Browse Publications Technical Papers 2005-26-340

Design and Development of Light Weight Flexible Power Transmission Shaft for High Speed Fighter Aircraft Application 2005-26-340

Light weight, high speed, compact power transmission shafts transmit torque through diaphragm type flexible discs whose planes are normal to the torque axis. The angular and axial misalignments are obtained by material flexure of these thin diaphragms within elastic limits. These shafts have multiple diaphragms used in series so that each diaphragm shares a portion of the total misalignment. Such shafts are used in high speed aircraft coupling engine mounted accessory gear box and aircraft mounted accessory gearbox. This paper deals with the design and development of light weight flexible power transmission shaft for high speed fighter aircraft application keeping critical speeds and weight as the design criteria.

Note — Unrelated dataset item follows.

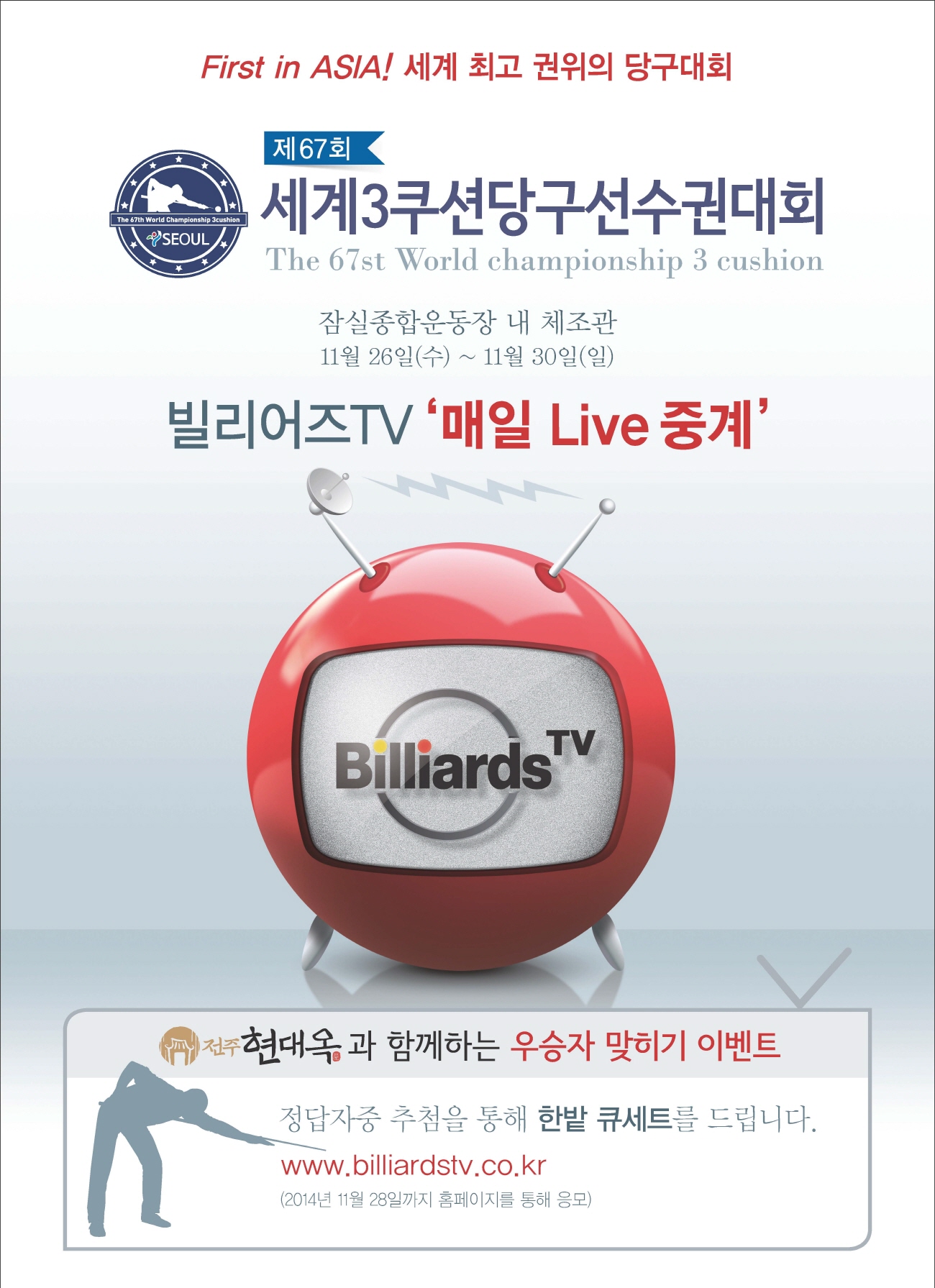 현대옥 타이틀의 이벤트를 고지(11월 18일자 한국경제신문)할 것이며, 이 이벤트는 빌리어즈TV 홈페이지에서도 고지

Since the number of design constraints is more, finite element analysis has been used as an effective tool for trying out various design iterations so that all the design constraints are met. Initially a configuration of the PTO shaft has been designed based on the torque capacity and envelope specified and a finite element model has been developed. The PTO shaft being made of thin walled cross sections, it is modelled using quadratic shell elements. The inertias due to AMAGB and Engine are lumped as inertia elements at appropriate locations. Based on the torque carrying capacity and three critical speed requirements, number of analysis/design iterations have been made before arriving at the final design configuration accommodating all the design constraints. The analysis results of the final design have been validated using simplified analytical math models. The effect of centrifugal stiffening, and manufacturing tolerance on the critical speeds and the misalignment stress have also been studied [1,2]. Based on the design, the prototype of the power transmission shaft has been made and has successfully undergone development tests. The critical speed of the shaft estimated using modal testing has been compared with the ones obtained using finite element analysis [3].